When she did, Ruthe began to scheme her escape. Next time near that
door....
But she miscounted while marching. The lights came up and there
they stood in their prearranged reception line. The crowd was thickest at her
end as people milled around, asking both sincere and snide questions all at
once.
"-A matter of life and death, your parents said."
"Yes, a
matter of life and death." She repeated it another time or two, as she realized
it was a dramatic but evasive answer.
"Sorry, I can't break a
confidence," nonplussed a few inquiries.
"Why can't you
tell?"
"What kind of emergency would....?"
"That stupid telephone
company! I would've told them off!"
However, there were so many others
talking at Ruthe that she only shook her head and laughed helplessly. Then she
saw a fresh wave of people coming. Seconds later she saw a small rift in the
human mass.
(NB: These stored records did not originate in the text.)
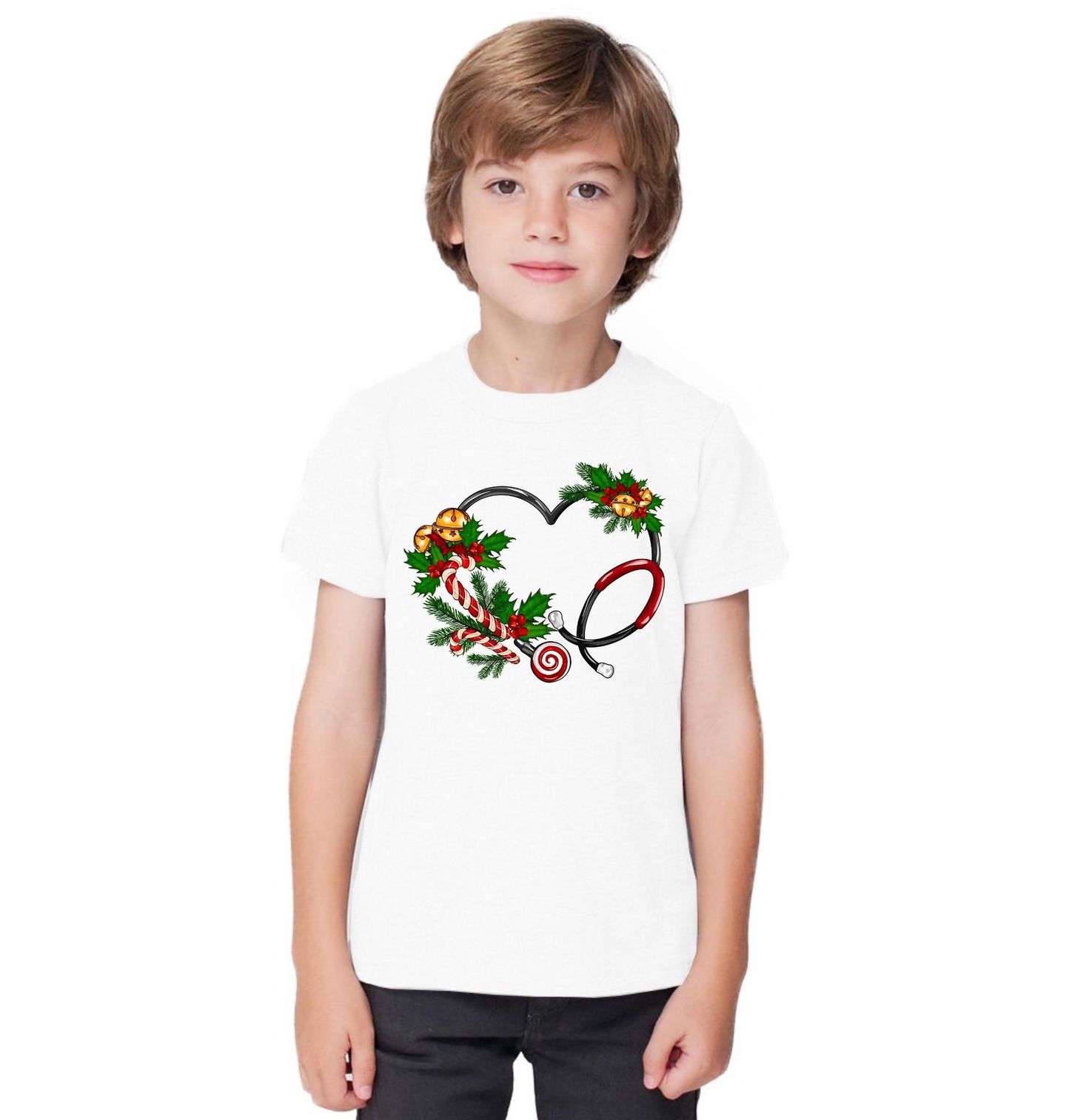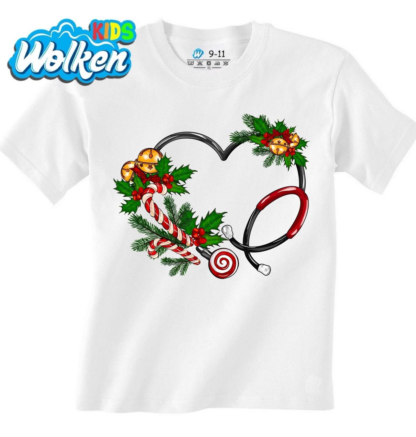 Dětské tričko Vánoční Srdce Lékaře. Stylizované srdce ze stetoskopu doplněné o vánoční prvky jako jsou větvičky, rolničky, lízátka a cukrová hůlka symbolizuje spojení péče a sváteční nálady. Ideální dárek na Vánoce pro všechny doktory, kdo v nemocnici, ordinaci nebo lékárně rozdávají péči, úsměv a lásku.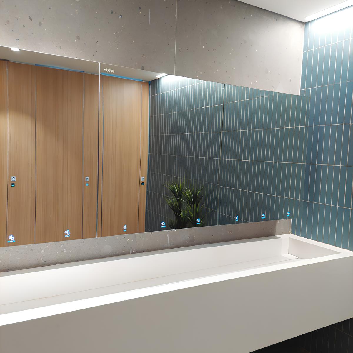 配有可上锁的镜子的完整卫生柜——镜子后面有肥皂水空气。包括高速干手器、混合阀、免触式水龙头、免触式皂液器和 LED 象形图,以提供直观的用户指导。配备遥控器来调节肥皂剂量、LED 颜色和其他自定义设置。组合系统包括由红外传感器操作的水龙头、皂液器和干手器。具有手动集成恒温混合器,用于防烫操作和温度控制。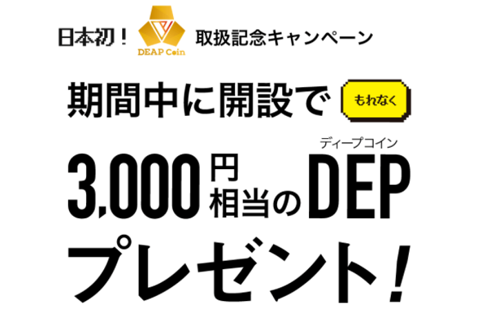 日本初のディープコイン取扱を記念してのキャンぺーンが豪華です。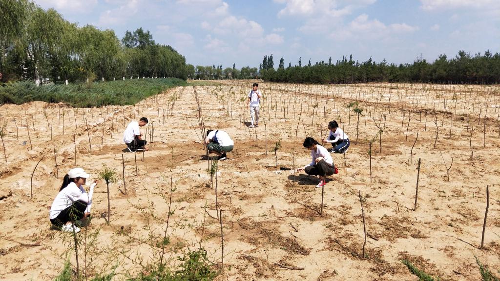 之后,王书记带着实践队队员们来到了北沙抚育区进行实地考察。数十年的艰苦奋斗,从荒漠到绿地,我们感叹小纪汗林场人员坚韧不拔的意志和不建绿洲不罢休的决心。他们将土壤运送覆盖到沙子上,种下固沙植被,用汗水浇灌绿洲的希望。通过王书记的讲述,我们了解到林业工人的艰辛。“足蒸暑土气,背灼炎天光。力尽不知热,但惜夏日长。”以前他们治沙时,带上鸡蛋、干粮和水一干就是一天,路途遥远,中午也不回去,就在沙地里休息。到现在才建造了这片林场,且近年来生态优化,沙土涵养了水源,只挖7~10米就可以见到水。但是,目前的治沙工作还存在一些问题,因为现在种植的多为樟子松,而樟子松油性大,容易发生火灾,所以需要研究各方面都适应沙漠的植被。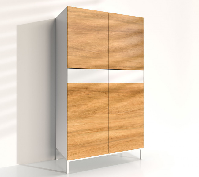 Unser Highboard „Multi HS06-Holz“ wird die Blicke auf sich ziehen. Der Hochschrank wurde mit zwei Schüben versehen. Die Beschläge sind ausnahmslos hochwertige Premium-Beschläge. Der Korpus ist aus einer beschichteten Dekorplatte gefertigt und kann mit Ihrer gewünschten Farbe lackiert oder veredelt werden. Es ist natürlich auch möglich, den Korpus in Echtholz zu fertigen. Die Fronten des Designerschranks sind aus Massivholz. Der stilvolle Schrank ist ein hochwertiges Einzelstück, welches stabil ist und Ihren persönlichen Wünschen angepasst werden kann. Die hohe Kommode kann natürlich auch mit weiteren Türen oder Schubläden gefertigt werden. Einzigartige Qualität und exklusive Verarbeitung sind unser Standard. Produktbilder können von Ihrer Konfiguration abweichen, da nicht alle Parameter abgebildet werden können. Zur besseren Vorstellung fordern Sie bitte eine Visualisierung an.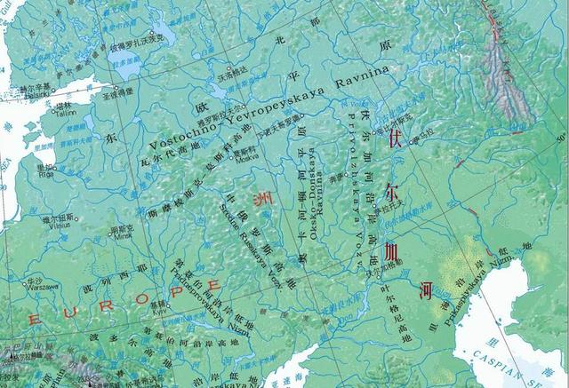 伏尔加河发源于东欧平原西部的瓦尔代丘陵中的湖沼间.全长3692公里,最后注入里海,流域面积达138万平方公里,占东欧平原总面积的三分之一,是欧洲第一长河。伏尔加河河源处海拔仅有228米,而河口处低于海平面28米。从距河源不远的尔热夫算起,往下3000多公里的河段内,总落差仅有190米,因此河水流速缓慢,沙洲、浅滩、牛轭湖、废河道广为分布,是一条典型的平原河流。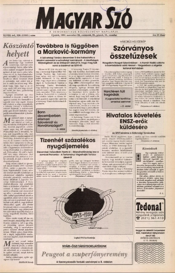 Magyar Szó, 48. évf. 1991. november 28. – 30. 328. sz. 1–20. oldal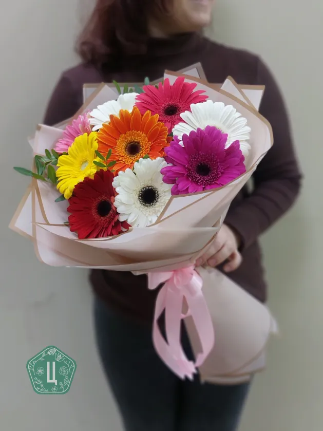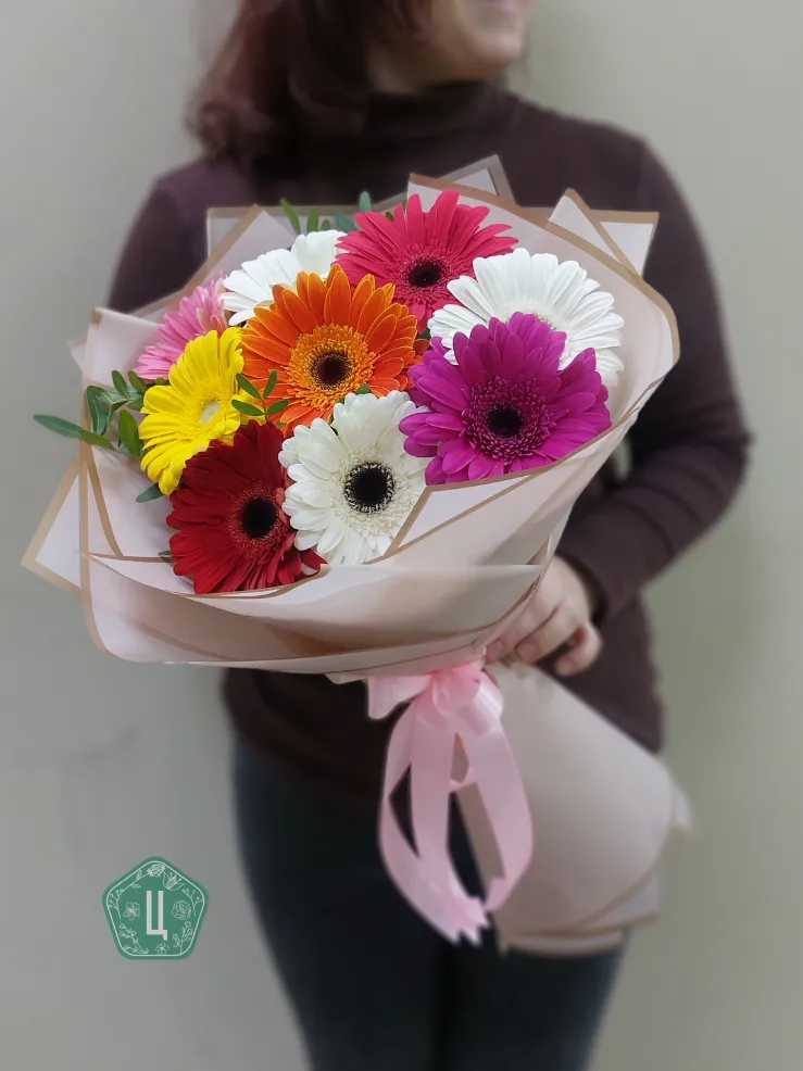 Стильный букет из сортовых гербер, обрамленный в нежную упаковку, станет прекрасным подарком к любому празднику.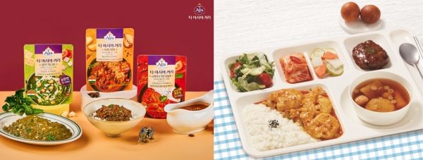 ▲ 샘표의 티아시아 커리 '키마' '빈달루' '팔락 파니르'(왼쪽)과 CJ프레시웨이의 생어거스틴 '꿍 팟 봉커리'가 급식판에 담긴 모습. [샘표·CJ프레시웨이 제공]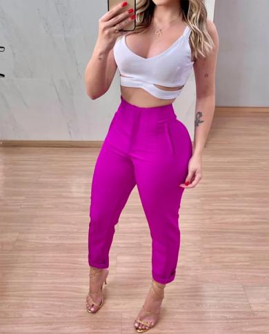Wefads Women Two Piece Set Summer Casual Solid Sleeveless Backless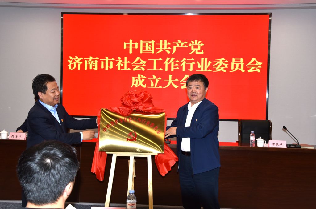 济南市民政局党组书记、局长孙义洪,市委组织部副部长宁延学为新成立的社会工作行业党委揭牌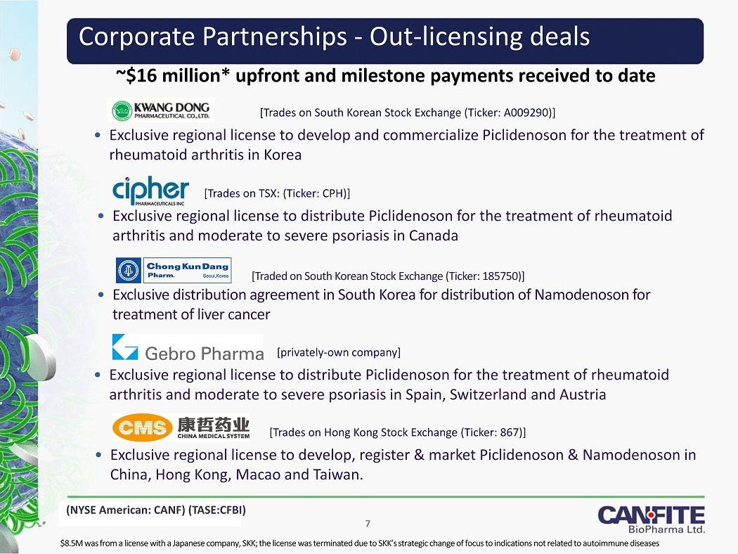 (NYSE American: CANF) (TASE:CFBI) [Trades on Hong Kong Stock Exchange (Ticker : 867 )] • Exclusive regional license to develop, register & market Piclidenoson & Namodenoson in China, Hong Kong, Macao and Taiwan. [ Trades on TSX : (Ticker : CPH)] • Exclusive regional license to distribute Piclidenoson for the treatment of rheumatoid arthritis and moderate to severe psoriasis in Canada [ Traded on South Korean Stock Exchange (Ticker: 185750)] • Exclusive distribution agreement in South Korea for distribution of Namodenoson for treatment of liver cancer [privately - own company] • Exclusive regional license to distribute Piclidenoson for the treatment of rheumatoid arthritis and moderate to severe psoriasis in Spain, Switzerland and Austria Corporate Partnerships - Out - licensing deals [Trades on South Korean Stock Exchange (Ticker : A 009290 )] • Exclusive regional license to develop and commercialize Piclidenoson for the treatment of rheumatoid arthritis in Korea 7 ~$ 16 million* upfront and milestone payments received to date $ 8.5M was from a license with a Japanese company, SKK; the license was terminated due to SKK’s strategic change of focus to in dic ations not related to autoimmune diseases
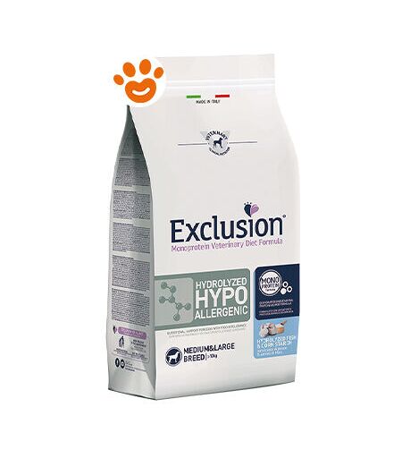 EXCLUSION Dog Hydrolyzed Hypoallergenic Adult Medium Large Breed Pesce e Amido di Mais - Dog Hydrolyzed Hypoallergenic Adult Medium Large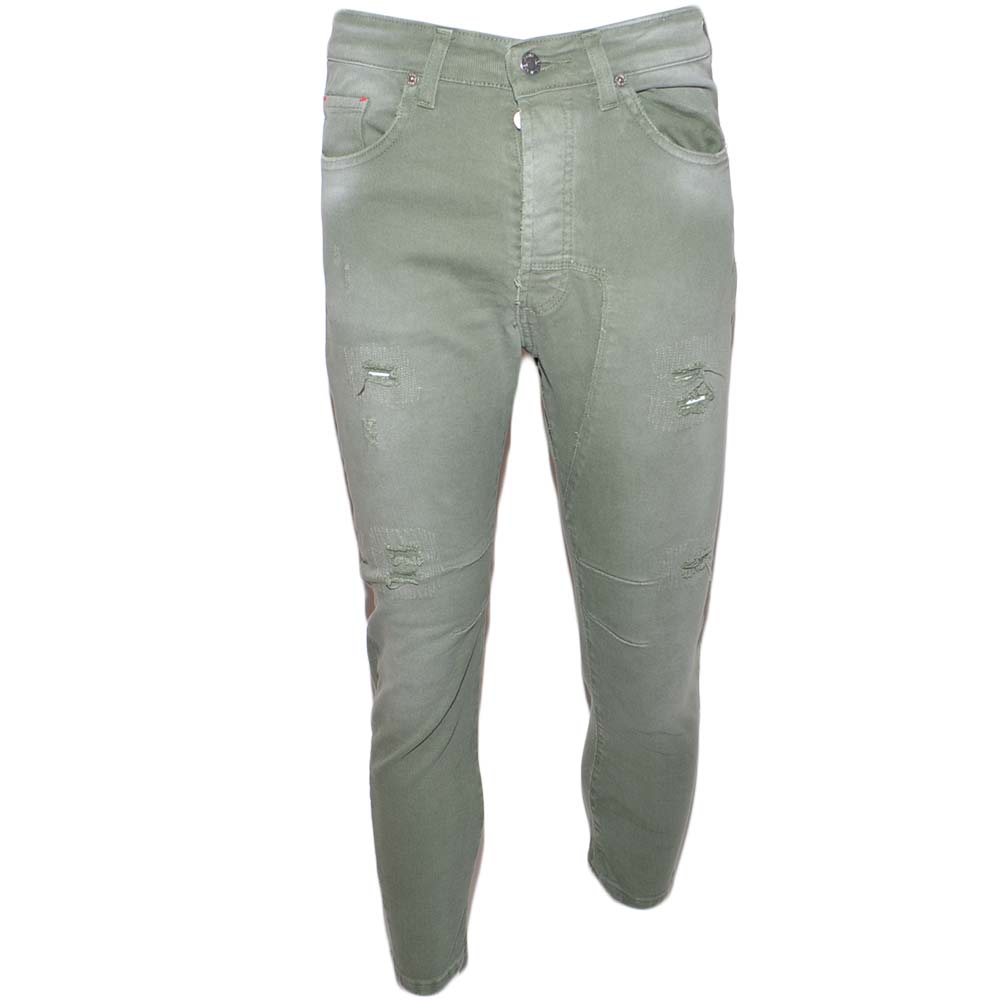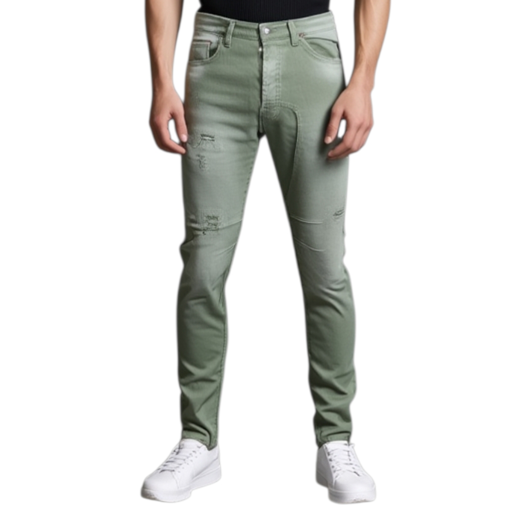 Jeans uomo verdi denim lavaggio graduale slim fit a cavallo basso 4 tasche con strappi elasticizzato tendenza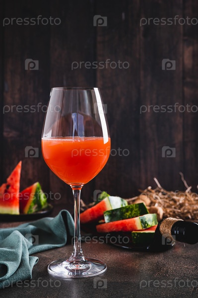Вкусное арбузное вино в бокале и кусочки арбуза на тарелке вертикальный вид

Ducking and veering sharply, Ruthe disappeared.
Without
waiting for the rest of her family at the car, she drove the four odd blocks
home and didn't relax until she was in the drive. No sign of the kids, she
sighed. She was glad Brandt and her sisters had gone to the ceremonies, though
only parents were invited to the banquet at six.
Ruthe was also glad she
had got away before her classmates tried to wheedle her to come along to the all
night grad party and breakfast a few miles up the river. They would have had fun
tormenting her to tell all they wanted to know, or wanted to believe.
She
opened the car doors on both sides and stretched out her full five feet and
seven inches (1.5m) on the front seat. She looked up at the deepening blue way
up in the sky and for several minutes simply breathed her lungs full of the
delicious evening air. The only sounds, a cricket chorus in a muddy dugout a
diagonal block away over a vacant lot of willow bushes, and the hum of the
highway traffic shuttling past the little town. Closing her eyes, Ruthe yawned
contentedly. A cooling breeze visited and went on.
Her mind cleared so
she could see her life in perspective again. As she replayed the evening in her
mind, she noticed things she had been too absorbed to see before, and saw
questions to ask and consider. She was eager to work them all out with her most
intimate Friend.
Hearing the shrill voices of her sisters up the street,
she shifted herself and sat up. More urgent now was to pray for calm and wisdom
in talking with her own family members in the next few minutes. Ruthe drew in
spiritual strength with a deep breath.